Last Thursday, the board of Irish Shows Association (ISA) began its post-COVID-19 renewal when voting to run a series of all-Ireland young horse championships during 2021.

It is 40 years since I witnessed the conception of the very first all-Ireland when Kitty Donohue of Goresbridge agreed to be its inaugural sponsor. Judged by Britain’s international star Ted Edgar, a yearling colt owned by Fred Burke of Clonlara, Co Clare was the winner.

That single event has since multiplied many times, so that by the 2019 season there were 25 all-Ireland horse championships. The COVID-19 pandemic stopped all of that for 2020. But now eight of them backed by Horse Sport Ireland’s (HSI) breeding department will be run behind closed doors for 2021.

Eligibility

When the first championship was run back in 1982 there was one simple rule of eligibility – “entries are confined to one-, two- and three-year-olds registered in the Irish horse register”. But in more recent times that rule has been expanded. It now stipulates that entries must not only be registered, but must also be by a stallion that is classified as approved or preliminary approved in the Irish Sport Horse Stud Book, or is Class 1 in the Irish Draught Stud Book.

Stallions from the Irish Warmblood Stud Book are also included as are Weatherbys Thoroughbred stallions.

Dilemma

Irish sport horse breeding practices have dramatically changed since that first 1982 event. We now have AI, the use of continental bloodlines and many other developments that have given breeders a much wider options as to the choice of sire.

This has left the board of ISA with a thorny dilemma that at this point has not been resolved. There are two diametrically opposed options presented to them when they write the rules for the all-Ireland horse championships. First of all, they can throw them wide open and simply go with the original rule that all entries must simply be registered.

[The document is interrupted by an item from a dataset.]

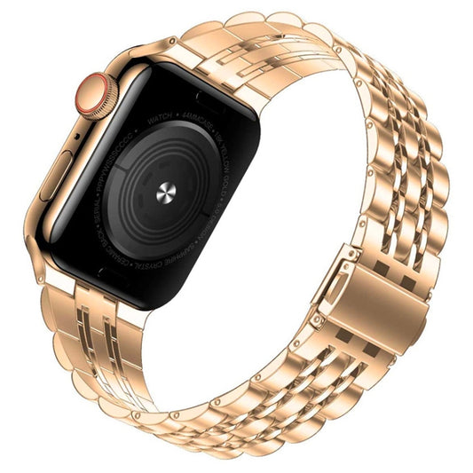 Seven-bead Ultra-thin Stainless Steel Watch Band For Apple Watch Series 9&8&7 41mm / SE 3&SE 2&6&SE&5&4 40mm / 3&2&1 38mm(Rose Gold)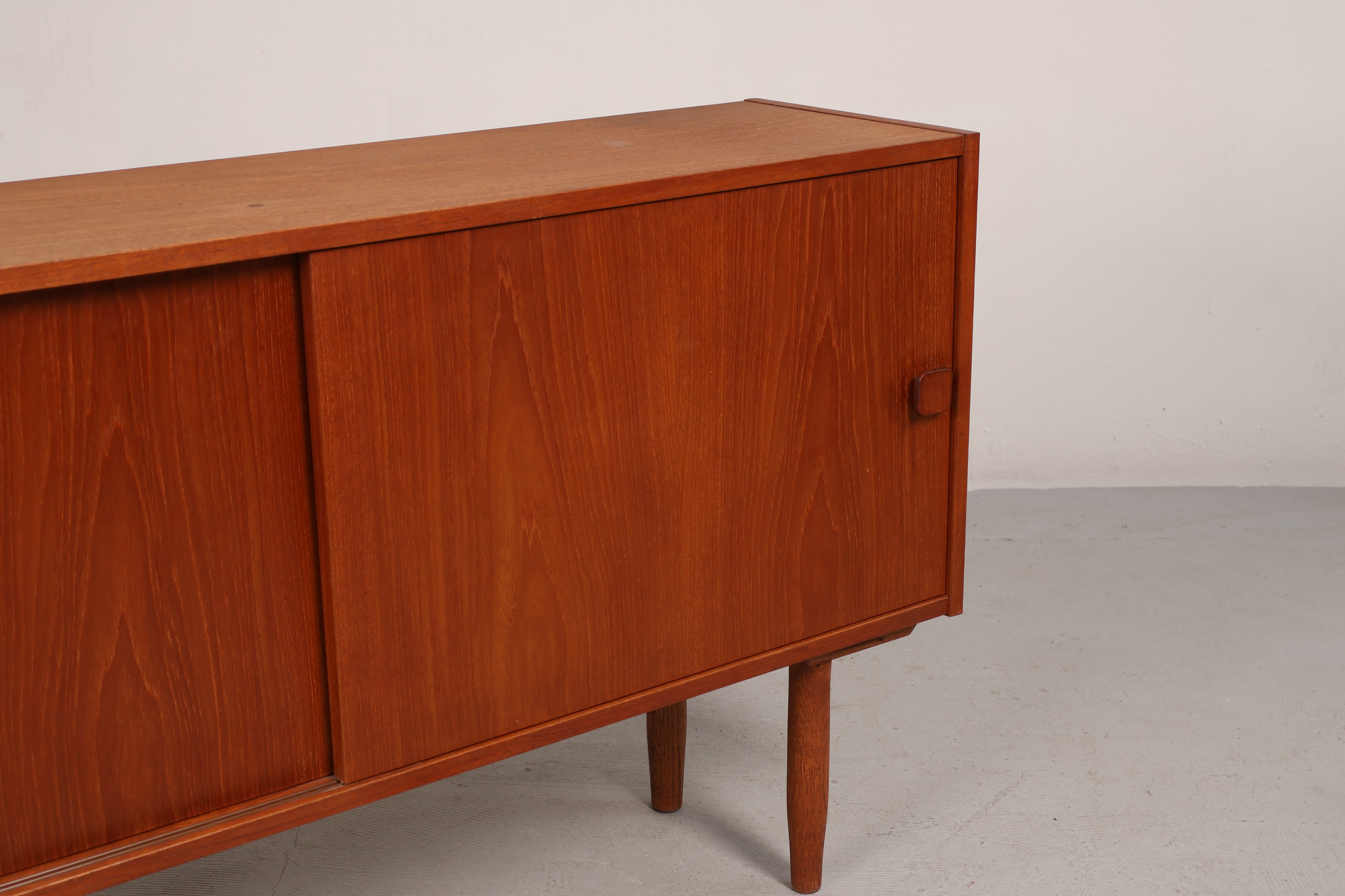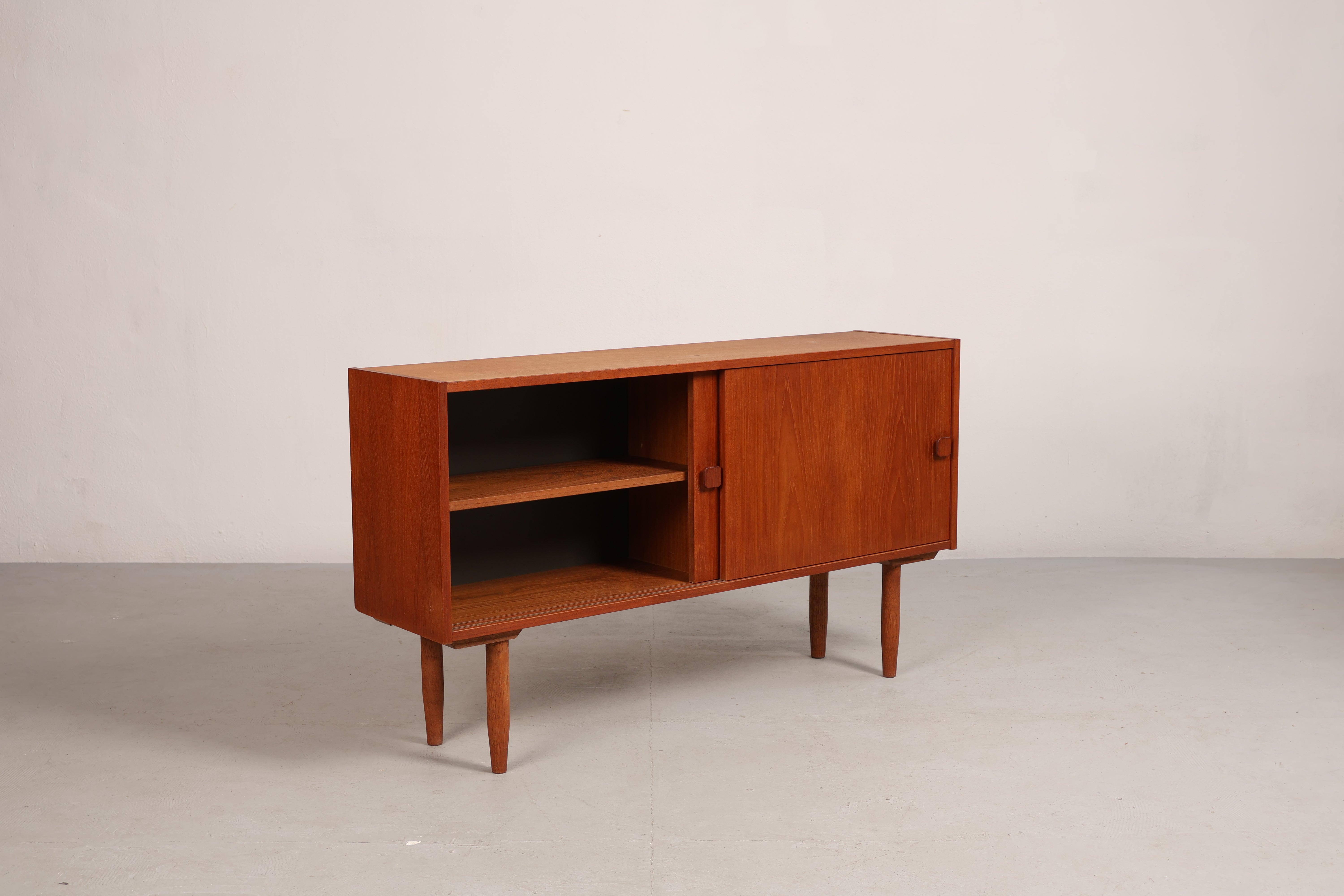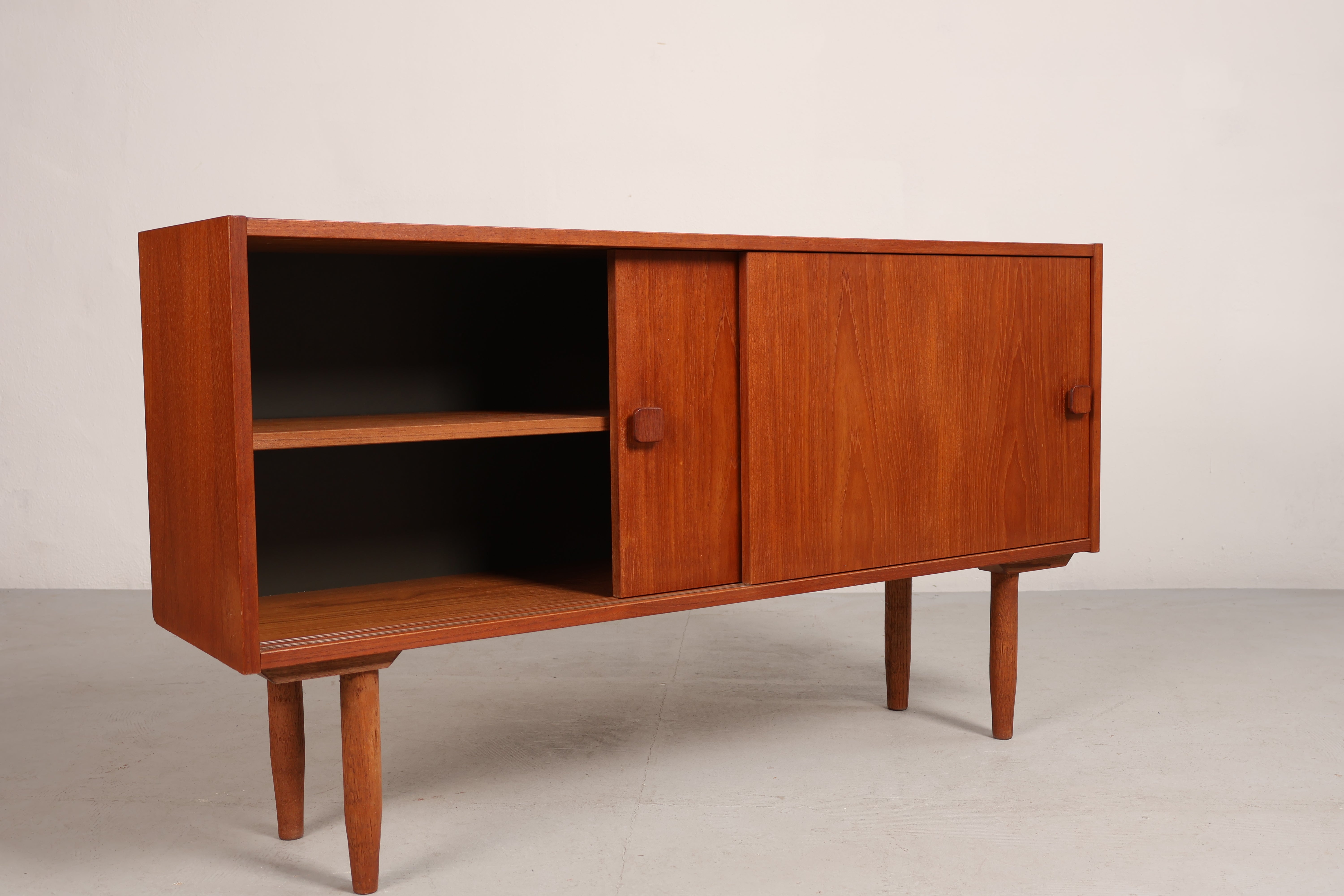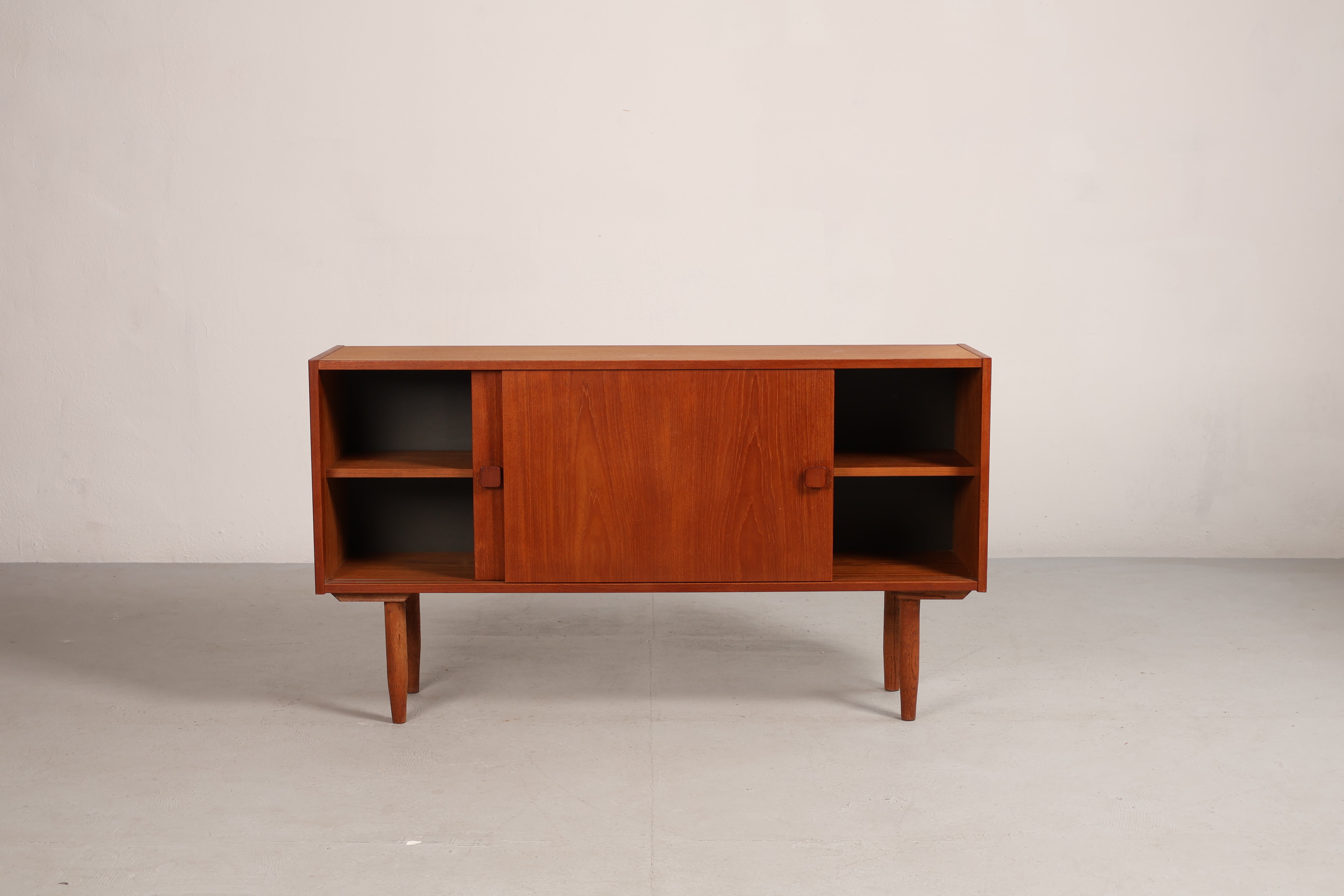 Sideboard aus den 60er-Jahren. Hergestellt in Dänemark. Gefertigt aus Teak. Höhe 69 cm, Breite 122 cm, Tiefe 29 cm.

Secondly, they can attempt to protect the integrity and soundness of the Irish horse by restricting entry to those animals that have been sired by a stallion that has gone through a rigorous selection and approval test.

There is no easy answer to this dilemma; but for the sake of our young horse classes and championships one has to be found. This demands some innovative thinking which will make our showing classes much more relevant going forward.

2021 all-Ireland horse championships

• Three-year-old horse.

• Two-year-old filly.

• Filly foal.

• Yearling filly.

• Traditional colt and filly foal classes.

• Yearling filly Irish Draught.

• Irish Draught Leitrim Breeders’ mare and foal class.

• Two-year-old Irish Draught filly.

• Irish Draught colt and filly foal.